Go to the line with "VIDEO AVAILABLE! $850" in the records below, then output it and each following line exactly, up to and including the line with "بنية المستحضر لشخصية". Skip pictures and add nothing.

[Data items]
Start of Block

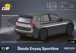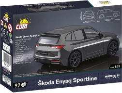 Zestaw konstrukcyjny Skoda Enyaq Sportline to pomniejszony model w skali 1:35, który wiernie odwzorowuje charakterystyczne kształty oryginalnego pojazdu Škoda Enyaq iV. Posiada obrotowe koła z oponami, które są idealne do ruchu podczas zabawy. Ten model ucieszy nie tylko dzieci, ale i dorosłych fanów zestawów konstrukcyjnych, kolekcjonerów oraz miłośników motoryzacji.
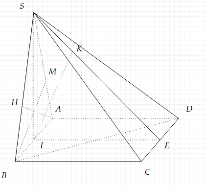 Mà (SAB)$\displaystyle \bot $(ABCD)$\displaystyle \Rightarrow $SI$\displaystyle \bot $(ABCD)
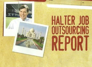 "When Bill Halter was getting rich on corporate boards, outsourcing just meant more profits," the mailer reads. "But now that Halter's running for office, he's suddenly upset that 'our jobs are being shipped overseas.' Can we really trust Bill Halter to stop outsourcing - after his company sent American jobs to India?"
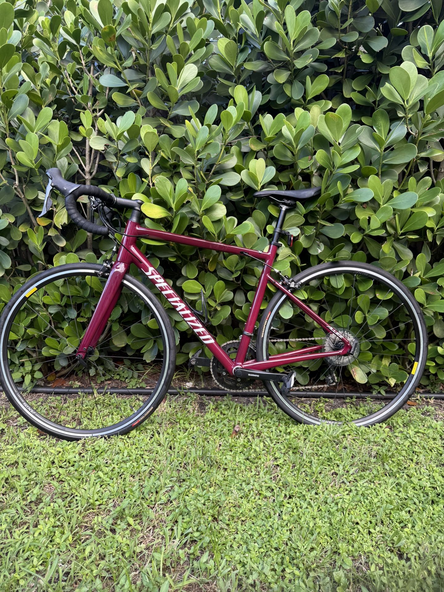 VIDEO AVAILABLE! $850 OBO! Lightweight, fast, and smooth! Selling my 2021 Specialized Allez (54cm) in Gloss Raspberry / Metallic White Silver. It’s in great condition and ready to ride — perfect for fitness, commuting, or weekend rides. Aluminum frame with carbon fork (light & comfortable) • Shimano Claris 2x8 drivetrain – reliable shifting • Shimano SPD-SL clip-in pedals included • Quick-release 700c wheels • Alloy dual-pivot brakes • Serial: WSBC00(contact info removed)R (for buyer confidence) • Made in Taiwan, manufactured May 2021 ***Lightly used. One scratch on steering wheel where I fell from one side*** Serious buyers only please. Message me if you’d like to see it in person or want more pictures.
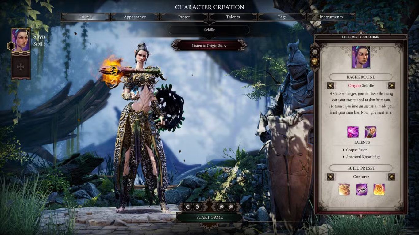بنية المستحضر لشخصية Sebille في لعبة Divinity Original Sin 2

End of Block
Start of Block

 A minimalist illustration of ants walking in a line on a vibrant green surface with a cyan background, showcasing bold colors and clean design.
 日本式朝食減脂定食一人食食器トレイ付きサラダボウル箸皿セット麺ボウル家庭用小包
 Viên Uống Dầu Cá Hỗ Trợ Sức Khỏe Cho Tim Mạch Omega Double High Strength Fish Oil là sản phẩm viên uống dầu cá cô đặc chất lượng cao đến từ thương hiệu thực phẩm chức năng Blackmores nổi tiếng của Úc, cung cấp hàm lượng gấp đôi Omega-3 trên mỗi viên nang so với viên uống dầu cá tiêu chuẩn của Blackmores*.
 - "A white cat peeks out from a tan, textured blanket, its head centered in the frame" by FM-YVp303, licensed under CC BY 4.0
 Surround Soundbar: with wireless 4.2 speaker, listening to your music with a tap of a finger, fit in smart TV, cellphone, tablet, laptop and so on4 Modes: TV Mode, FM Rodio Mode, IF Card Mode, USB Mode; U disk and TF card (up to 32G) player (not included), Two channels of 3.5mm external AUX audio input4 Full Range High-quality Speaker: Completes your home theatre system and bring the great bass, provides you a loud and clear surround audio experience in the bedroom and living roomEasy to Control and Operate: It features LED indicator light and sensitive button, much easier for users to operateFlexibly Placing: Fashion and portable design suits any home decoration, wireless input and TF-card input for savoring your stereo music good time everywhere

End of Block

*REPLY*.
 VIDEO AVAILABLE! $850 OBO! Lightweight, fast, and smooth! Selling my 2021 Specialized Allez (54cm) in Gloss Raspberry / Metallic White Silver. It’s in great condition and ready to ride — perfect for fitness, commuting, or weekend rides. Aluminum frame with carbon fork (light & comfortable) • Shimano Claris 2x8 drivetrain – reliable shifting • Shimano SPD-SL clip-in pedals included • Quick-release 700c wheels • Alloy dual-pivot brakes • Serial: WSBC00(contact info removed)R (for buyer confidence) • Made in Taiwan, manufactured May 2021 ***Lightly used. One scratch on steering wheel where I fell from one side*** Serious buyers only please. Message me if you’d like to see it in person or want more pictures.
بنية المستحضر لشخصية Sebille في لعبة Divinity Original Sin 2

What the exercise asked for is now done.